Top of Recorded data

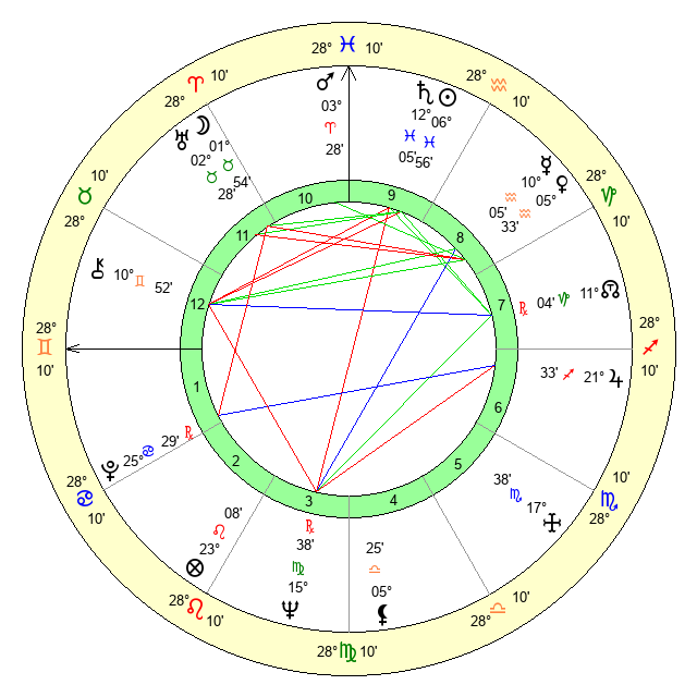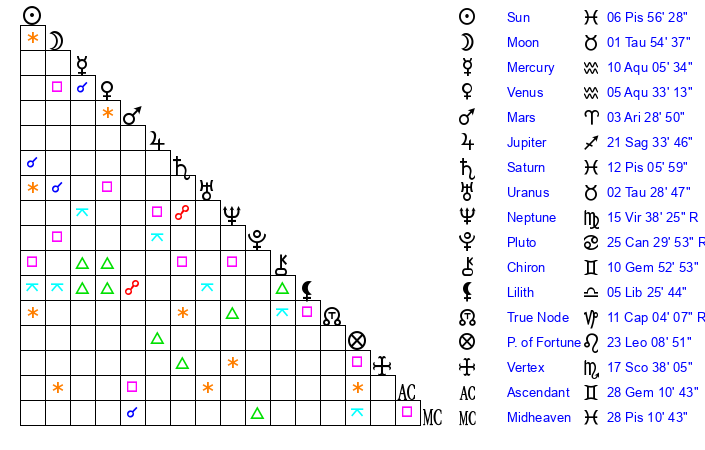 | Sun | 6 Pisces 56 | 8 Pisces 21 | 4 Gemini 16 |
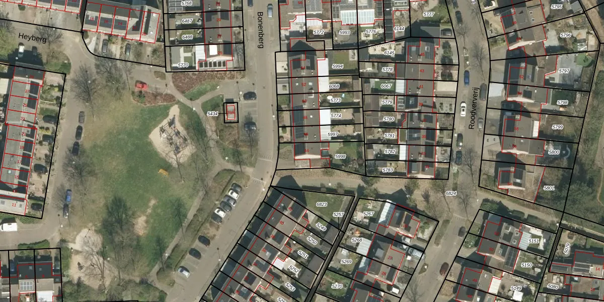 Het perceel waarop Bonenberg 44 staat heeft een oppervlakte van 266 m². Dit is een middelgroot perceel. De perceeloppervlakte wordt geregistreerd door het Kadaster. Gedetailleerde informatie over de maten van dit perceel kunt u vinden in het rapport Kadastrale kaart met maatvoering van Bonenberg 44.
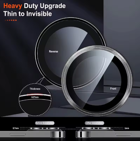 Full coverage, drop protection, anti-scratch, shockproof: The aviation aluminium metal ring and 9H tempered glass camera protector protect your camera lens from damage and scratches with the lovely lens ring.
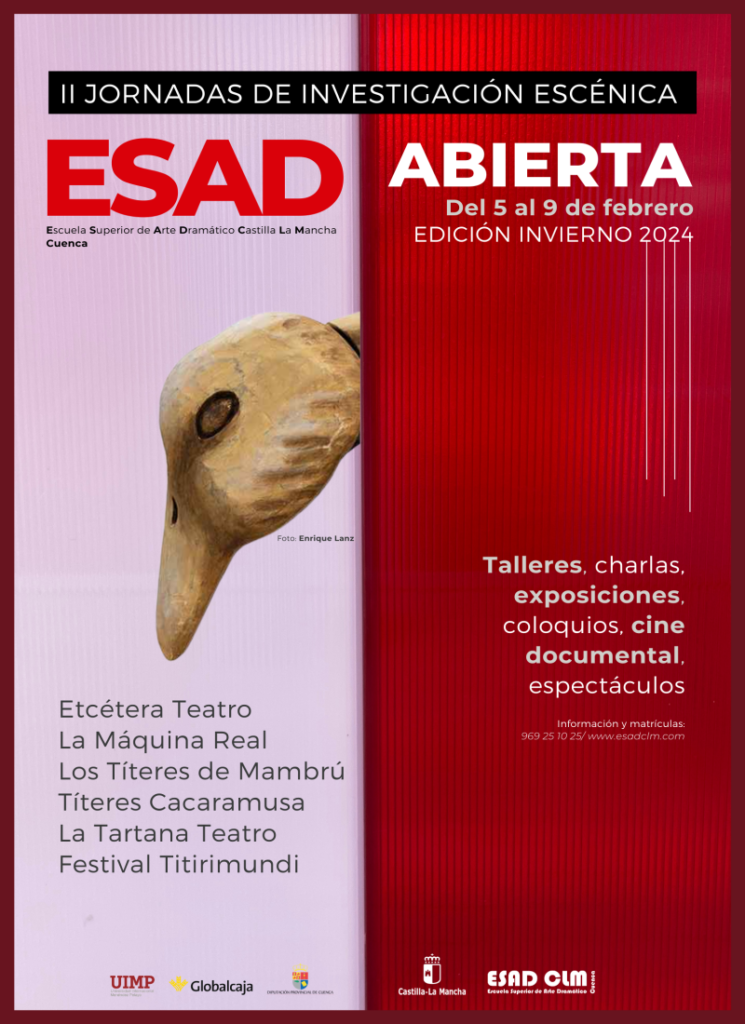 La segunda edición de las Jornadas de Investigación Escénica, iniciadas el año pasado por la ESAD (Escuela de Arte Dramático de Castilla-La Mancha), se llevarán a cabo del 5 al 9 de febrero en sus instalaciones en Cuenca.

Bottom of Recorded data

• Exercise aim: Please reprint the whole listing exactly and omit its pictures.

• Reply to the task:
 | Sun | 6 Pisces 56 | 8 Pisces 21 | 4 Gemini 16 |
 Het perceel waarop Bonenberg 44 staat heeft een oppervlakte van 266 m². Dit is een middelgroot perceel. De perceeloppervlakte wordt geregistreerd door het Kadaster. Gedetailleerde informatie over de maten van dit perceel kunt u vinden in het rapport Kadastrale kaart met maatvoering van Bonenberg 44.
 Full coverage, drop protection, anti-scratch, shockproof: The aviation aluminium metal ring and 9H tempered glass camera protector protect your camera lens from damage and scratches with the lovely lens ring.
 La segunda edición de las Jornadas de Investigación Escénica, iniciadas el año pasado por la ESAD (Escuela de Arte Dramático de Castilla-La Mancha), se llevarán a cabo del 5 al 9 de febrero en sus instalaciones en Cuenca.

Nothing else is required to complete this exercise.